BY Nancy Scola | Thursday, August 19 2010

Over on Frog Design's design mind blog, the lovely Tim Leberecht lays out his thoughts on how you "design for the loss of control." In other words, how do you go about thinking about building out user interfaces and artwork and websites and organizational management systems if your hope, really, is to open things up to new people and new ideas? Rich as Tim's piece is, it's tough to summarize. But here's a taste:

Applied to systems and solutions design, this means that total openness is the antidote to openness. When everything is open, nothing is open. In order to design openness, one of the first decisions designers have to make is therefore to determine what needs to remain closed. This is a strategic task: making negative choices for positive effects. You need to build enough variance into a system to make it “flow” and yet retain some control over the underlying parameters (access, boundaries, authorship, participants, agenda, process, conversation, collaboration, documentation, etc.). Only if you maintain the fundamental ability to at least manage (and modify) the conditions for openness, will you be able to create it. To design for the loss of control, control the parameters that enable it.

For the folks who tasked with the actual building of .gov websites or online advocacy hubs, there are some obvious implications for their work processes here.

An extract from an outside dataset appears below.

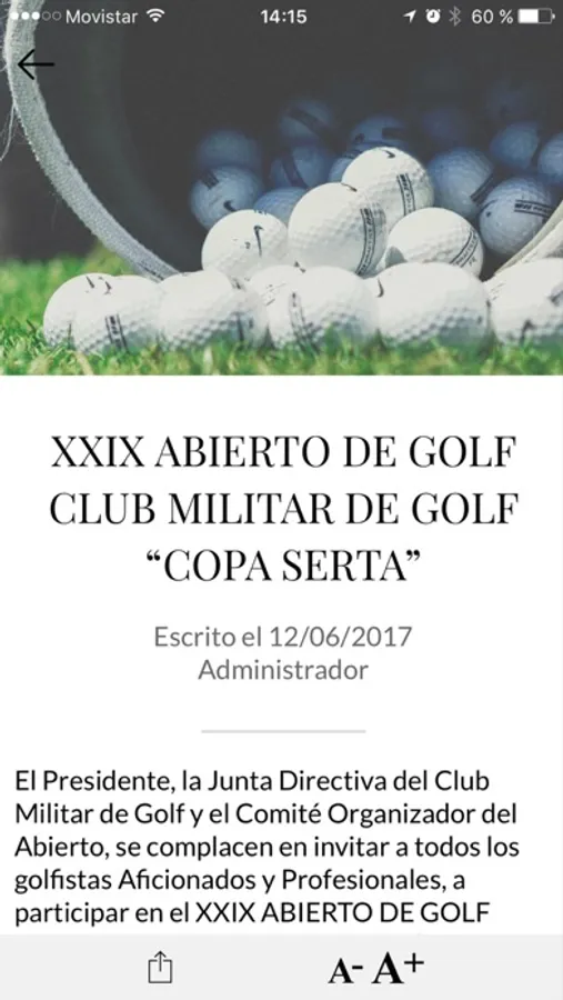 Aplicación móvil que permite que los socios reciban las últimas noticias de golf del Club, alertas de último momento, teléfonos de utilidad, etc.

But there's a bigger theme about opening up systems running through what Tim is saying, I think, that is useful for anyone pushing organizations and institutions to be more porous and engageabale. Filibuster reform has become something of the latest cause at least on the progressive side of things, but you can make the case that the Senate filibuster is really a proxy for a mess of system quirks and operating procedures that seem, to some, to make things run badly. You can place too much importance on design and system engineering, for sure, and start to see it as far more determinative than it really is. After all, people have minds of their own. But the idea that design -- of systems, of experiences -- has considerable political implications seems like an underexplored one. Anyway, give Tim's post a read.